If you work with Apache Drill (if you don’t, you should), the sergeant package (GitHub) will help you whip it into shape. I’ve mentioned it before on the blog but it has a nigh-complete dplyr interface now that works pretty well. It also has a direct REST API interface and RJDBC interface plus many helper utilities that help you avoid typing SQL strings to get cluster status info. Once I add the ability to create parquet files with it I’ll push it up to CRAN.

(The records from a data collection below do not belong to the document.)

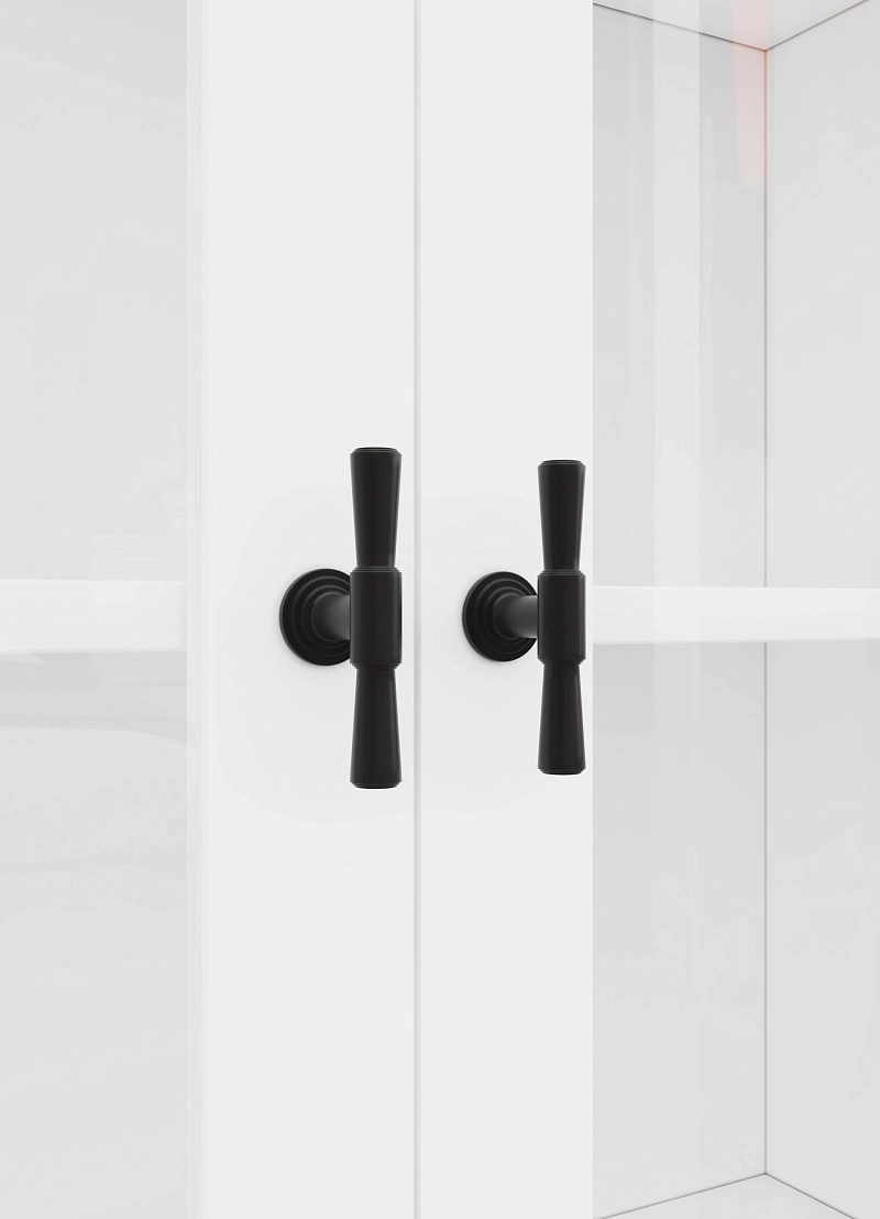 Комплектация: фасады - рамка МДФ квадро + вставка ЛДСП/стекло простое, задняя стенка ЛДВП белого цвета, ручка ZA2391 кнопка черная MBK, арт. № 39512, петли без доводчика, роликовые направляющие
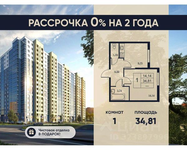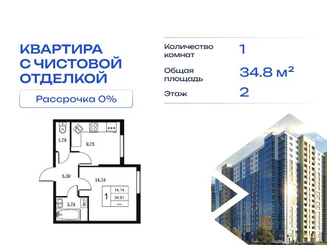 Квартира площадью 37,71 м², с комнатой 14,18 м² и просторной кухней 11,52 м². Санузел раздельный, есть лоджия. Расположена на первом этаже - удобно для семьи с детьми, пожилых людей или просто тех, кто не любит ждать лифт. Из окон открывается приятный вид на парк, рядом нет шумных дорог в квартире будет тихо и спокойно.
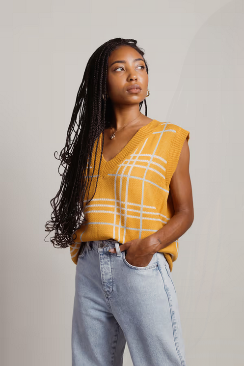 Tobi Women's Honey Bee Plaid Sweater Vest - Mustard
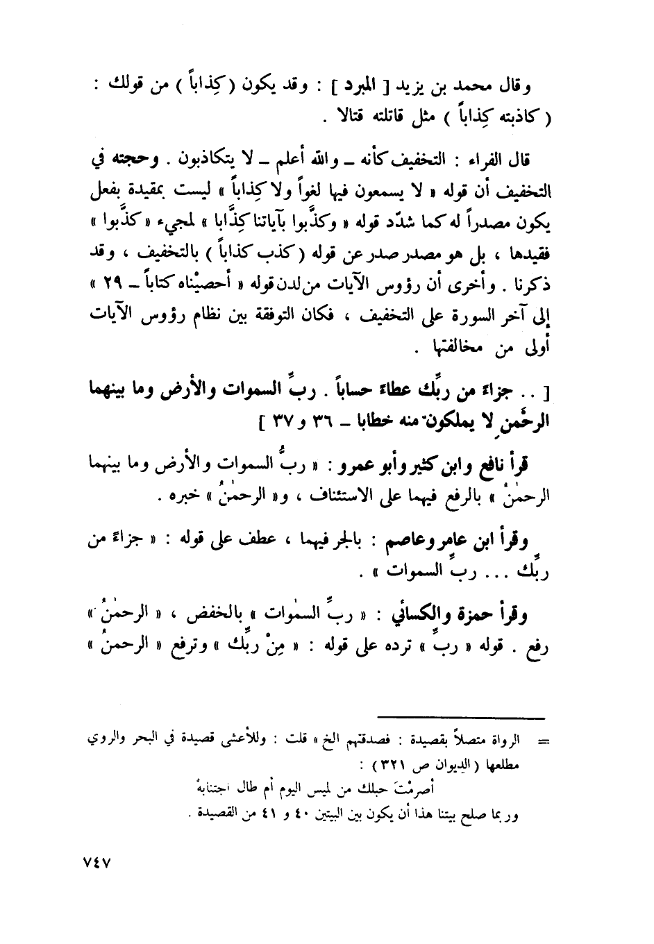 قَالَ الْفراء التَّخْفِيف كَأَنَّهُ وَالله أعلم لَا يتكاذبون وحجته فِي التَّخْفِيف أَن قَوْله لَا يسمعُونَ فِيهَا لَغوا وَلَا كذابا لَيست بمقيدة بِفعل يكون مصدرا لَهُ كَمَا شدد قَوْله {وكذبوا بِآيَاتِنَا كذابا} لمجيء {كذبُوا} فقيدها بل هُوَ مصدر صدر عَن قَوْله كذب كذابا بِالتَّخْفِيفِ وَقد ذكرنَا وَأُخْرَى أَن رُؤُوس الْآيَات من لدن قَوْله {أحصيناه كتابا} إِلَى أخر السُّورَة على التَّخْفِيف فَكَانَ التوفقة بَين نظام رُؤُوس الْآيَات أولى من مخالفتها {جَزَاء من رَبك عَطاء حسابا رب السَّمَاوَات وَالْأَرْض وَمَا بَينهمَا الرَّحْمَن لَا يملكُونَ مِنْهُ خطابا} 36 و 37
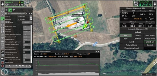 Figure 6. UgCS Enterprise v. 4.20 software interface for UAS mission planning. In the left panel are shown the set parameters for the flight plan; the right panel shows the UAS telemetry, and the bottom window displays the survey’s altimetry and number of waypoints.
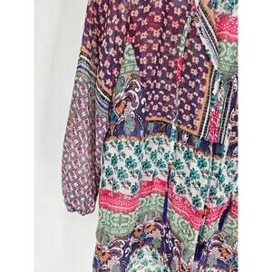 This American Rag Cie floral boho tunic top blends effortless style with a free-spirited touch. Designed with a keyhole neckline and long sleeves, it offers a flattering and relaxed fit. The lightweight fabric drapes beautifully, making it perfect for casual outings or layered looks. In size M, this tunic’s vibrant floral print adds a chic, bohemian vibe to any wardrobe.
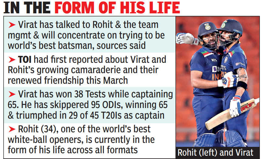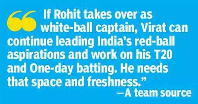 Kohli (32), who currently leads the team across all formats and is India’s most successful captain ever, is learned to have taken the call to share leadership responsibilities with Sharma (34), BCCI sources told TOI.
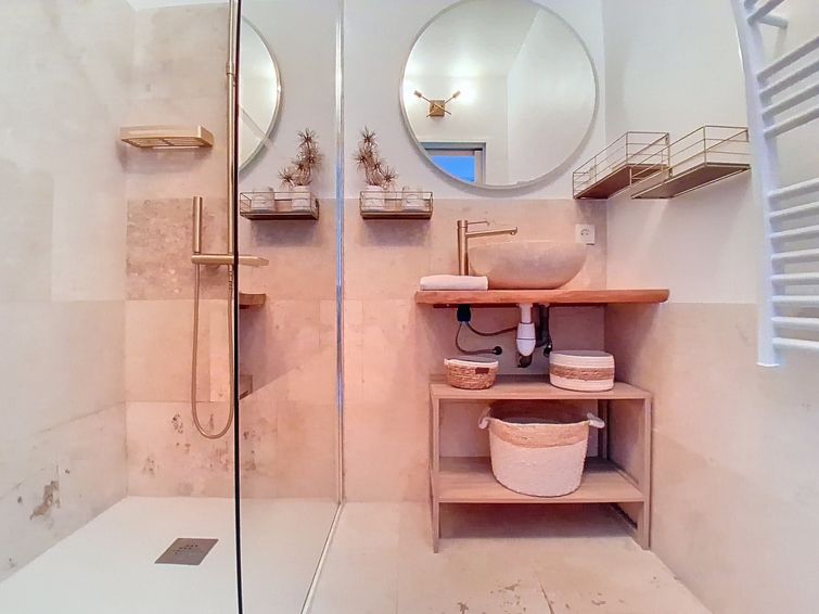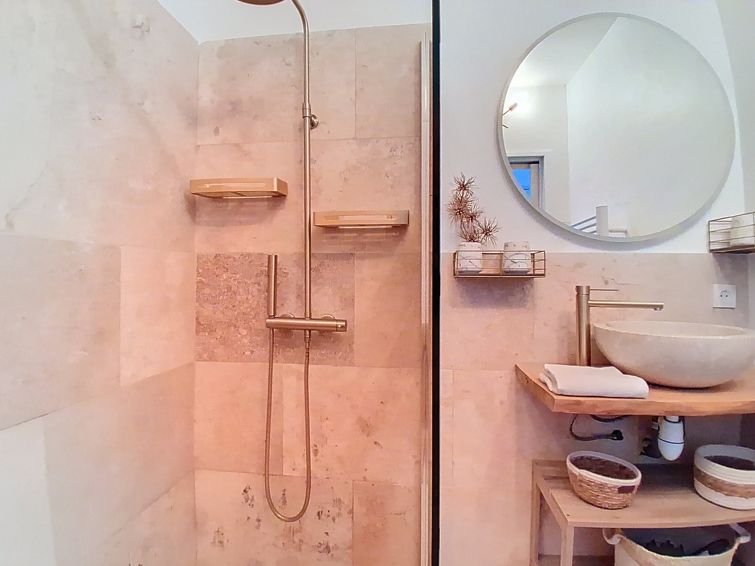 3 rom leilighet 60 m2 i 1st etasje. Komfortabelt og moderne møbler: stue/spisestue med, 1 sovesoffa (140 cm, lengde 190 cm), TV (flatskjerms TV). Utgang til terrassen. 1 rom med 2 senger (90 cm lengde 190 cm). 1 rom med, 1 dobbeltseng (1 x 140 cm, lengde 190 cm). Utgang til terrassen. Kjøkken (stekeovn, oppvaskmaskin, 3 keramiske kokeplater, brødrister, vannkoker, mikrobølgeovn, frys, elektrisk kaffemaskin). Utgang til balkongen. Dusj, sep. WC. Oppvarming. Terrasse 15 m2, beliggenhet mot sør. Terrassemøbler. Delvis utsikt av havet. Fasiliteter: vaskemaskin, strykejern, hårføner. Internett (trådløs LAN [WLAN], gratis). Parkeringsplass plass nr 3 (1 Bil). Vennligst merk: røykfri bolig. Kjæledyr / hund tillatt 1 kjæledyr / hund tillatt. Røykvarsler. Tilbud fra en privatperson i henhold til art. 155, IV av CGI. 06027027974HT
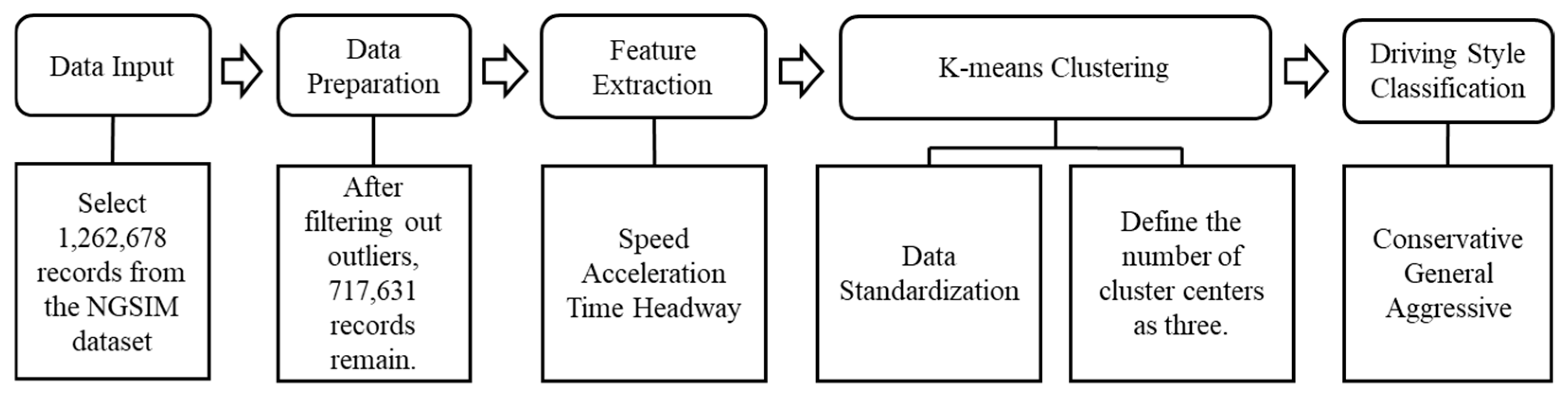 11] to represent and quantify driving behavior effectively. Several studies have been conducted on this topic. In the field of driving style research, several studies have proposed methods for recognizing and categorizing driving styles. For example, Deng et al. developed a driving style recognition method based on ensemble learning and enhanced clustering analysis. By combining the iForest anomaly detection algorithm with the Bisecting K-Means clustering technique, they identified three driver types: cautious, average, and aggressive [

The one thing I’d like to do with this package is support any user-defined functions (UDFs in Drill-speak) folks have written. So, if you have a UDF you’ve written or use and you want it wrapped in the package, just drop an issue and I’ll layer it in. I’ll be releasing some open source cybersecurity-related UDFs via the work github in a few weeks.

zkcmd

Drill (in non-standalone mode) relies on Apache Zookeeper to keep everything in sync and it’s sometimes necessary to peek at what’s happening inside the zookeeper cluster, so sergeant has a sister package zkcmd that provides an R interface to zookeeper instances.

ggalt

Some helpful folks tweaked ggalt for better ggplot2 2.x compatibility (#ty!) and I added a new geom_cartogram() (before you ask if it makes warped shapefiles: it doesn’t) that restores the old (and what I believe to be the correct/sane/proper) behaviour of geom_map(). I need to get this on CRAN soon as it has both fixes and many new geoms folks will want to play with in a non-GitHub context.

FIN

There have been some awesome packages released by others in the past month+ and you should add R Weekly to your RSS feeds if you aren’t following it already (there are other things you should have there for R updates as well, but that’s for another blog). I’m definitely looking forward to new packages, visualizations, services and utilities that will be coming this year to the R community.